• **Goal of the exercise**: Exclude the pictures and reproduce the remaining data exactly as written.

The data Start Marker

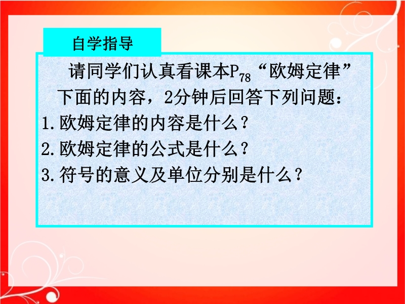- 下一份课件:人教版:《17.2欧姆定律》ppt课件(4)
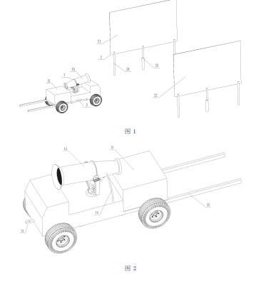 所述公路施工用降塵設備執(zhí)行降塵動作,降塵動作包括:控制器通過攝像頭判斷施工的公路是否有揚塵情況,若出現(xiàn)揚塵則獲取揚塵的所在的路段,啟動噴頭對準揚塵所在路段,同時啟動正電荷發(fā)生裝置11和加壓裝置12向所在的路段噴淋帶有正電荷的液滴,同時將所在的路段的若干組電極板組2的繼電器實現(xiàn)接通對應的第一電極板21、第二電極板22,同時交變電場發(fā)生裝置使得第一電極板21和第二電極板22之間產(chǎn)生交變電場;帶有正電荷的液滴在交變電場中產(chǎn)生振蕩進而降低液滴表面張力作用;
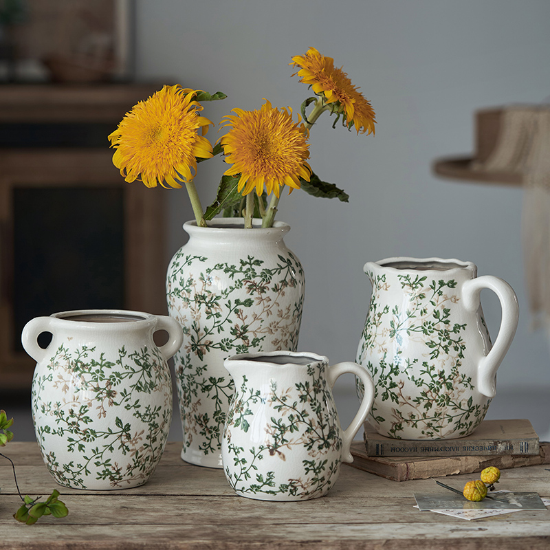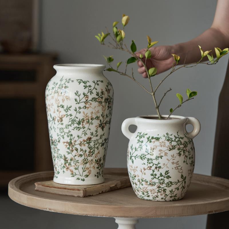 复古乡村田园风陶瓷花瓶摆件水培插花水养花器客厅餐桌装饰高级感

The data End Marker

• **Reply**:
- 下一份课件:人教版:《17.2欧姆定律》ppt课件(4)
 所述公路施工用降塵設備執(zhí)行降塵動作,降塵動作包括:控制器通過攝像頭判斷施工的公路是否有揚塵情況,若出現(xiàn)揚塵則獲取揚塵的所在的路段,啟動噴頭對準揚塵所在路段,同時啟動正電荷發(fā)生裝置11和加壓裝置12向所在的路段噴淋帶有正電荷的液滴,同時將所在的路段的若干組電極板組2的繼電器實現(xiàn)接通對應的第一電極板21、第二電極板22,同時交變電場發(fā)生裝置使得第一電極板21和第二電極板22之間產(chǎn)生交變電場;帶有正電荷的液滴在交變電場中產(chǎn)生振蕩進而降低液滴表面張力作用;
 复古乡村田园风陶瓷花瓶摆件水培插花水养花器客厅餐桌装饰高级感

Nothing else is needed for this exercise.